By the rotation of, the paper carried out from the paper feeding cassette 11 is sent to the standby roller pair 12, and further, is sent on the conveyor belt 13 at the timing corresponding to the toner image, and reaches each transfer device 10d. Then, the toner image is transferred in each of the transfer devices 10 d, and the sheet on which the toner image is transferred moves on the conveyor belt 13 in the direction of the arrow in accordance with the movement of the conveyor belt 13, and is subjected to heat fixing processing in the fixing unit 15. .

Further, not only the yellow (Y) toner image but also the magenta (M) and cyan (C) toner images are transferred onto the upper surface of the paper, and printing of colors according to the subtractive color mixture described above is performed. Is done. The above-mentioned paper includes not only the paper carried out from the paper feed cassette 11 but also the paper supplied from the MPF tray 16. In this case,
The paper is carried in by the paper feed roller 16a, and the printing process is performed through the above-mentioned path.

The fixing unit 15 includes a heating roll 15a (hereinafter referred to as a fixing roll) and a press roll 1.
5b and the oil coating roll 15c, the sheet is sandwiched and conveyed between the fixing roll 15a and the press roll 15b, and the toner images of, for example, a plurality of colors transferred to the sheet are melted and thermally fixed on the sheet. . The oil applying roll 15c has a function of applying a releasing oil to the peripheral surface of the fixing roll 15a and removing the toner remaining on the fixing roll 15a. The sheet on which the toner image is fixed by the fixing unit 15 is moved upward through the switching flap 17.
Alternatively, the sheet is conveyed leftward on the paper surface. Then, the paper is guided to the paper discharge unit 21 via the paper discharge roll pair 20.

On the other hand, the double-sided printing transport unit 3 is detachably attached to the apparatus main body and is a unit to be mounted when double-sided printing is performed by the printer apparatus 1 of the present embodiment. Pairs 18a to 18e are provided. For double-sided printing, the switching flap 1
7, the sheet is once fed upward, and when, for example, the trailing edge of the sheet reaches the conveyance roll 19, the conveyance of the sheet is stopped,
Further, the paper is conveyed in the reverse direction. By this control, the paper is carried into the paper carrying path of the double-sided printing carrying unit 3 set at the position indicated by the dotted line, and the reverse carrying roller pair 18a to 18a.
The paper is fed in the reverse direction by 18e, and the standby roller pair 1
2, and as described above, the toner image is sent to the transfer portion at the same timing, and the toner image is transferred to the back surface of the paper.
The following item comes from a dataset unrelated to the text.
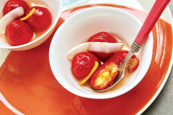 Cà chua chín 2 trái, thìa là, hành lá, cơm mẻ, dầu ăn và xốt gấc.

FIG. 2 is an external perspective view of the printer device 1 shown in FIG. The printer device 1 shown in FIG. 1 is composed of an upper part 22 and a lower part 23 of the device,
An operation panel 33 is disposed on the above, and a print sheet discharging section 21 is also formed on the upper surface thereof. Operation panel 33
Is composed of a key operation unit 33a in which a plurality of keys are arranged, and a display unit 33b such as a liquid crystal display which performs display based on display information output from the CPU 30 of FIG. 3 described later. In addition, the rotation of the paper discharge roll 20 outputs the print paper created by the image forming unit to the paper discharge unit 21, and the print paper is sequentially stacked on the paper discharge unit 21.
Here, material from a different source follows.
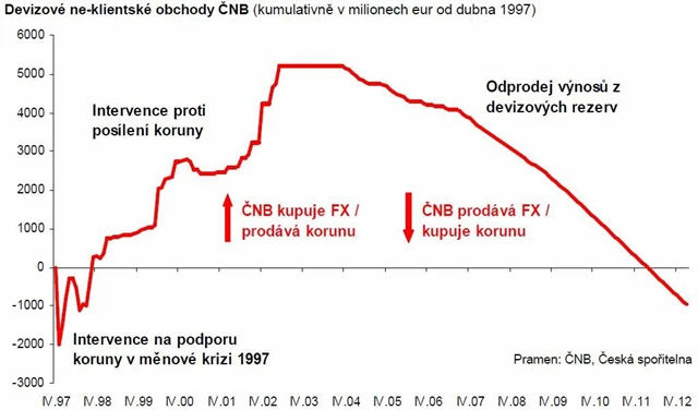 V kufříku možného náhradního střeliva jsou i devizové intervence k oslabení koruny. ČNB neintervenovala proti koruně od podzimu 2002, vynecháme-li pozdější slovní intervence, dohody s vládou o privatizačních příjmech a podobně.

Further, a front cover 24 that can be opened and closed is provided on the front surface of the lower portion 23 of the apparatus main body. The front cover 24 is opened for jam processing and maintenance, for example. Further, the loading and unloading of the oil application roll described later is also performed by pulling out the oil application roll from the front side of the printer device 1.

FIG. 3 is a circuit block diagram of the printer device 1 having the above configuration. 3, the circuit block includes an interface controller (hereinafter referred to as I / F controller) 26, a printer controller 28, a printer printing unit 29, a CPU 30, a ROM 31, an operation panel 33, and an EEPROM 32. The I / F controller 26 converts the print data supplied from the host device into bitmap data and expands it in the frame memory 27. In the frame memory 27, a storage area is set for each of magenta (M), cyan (C), yellow (Y), and black (K), and data of each color is expanded in the corresponding area.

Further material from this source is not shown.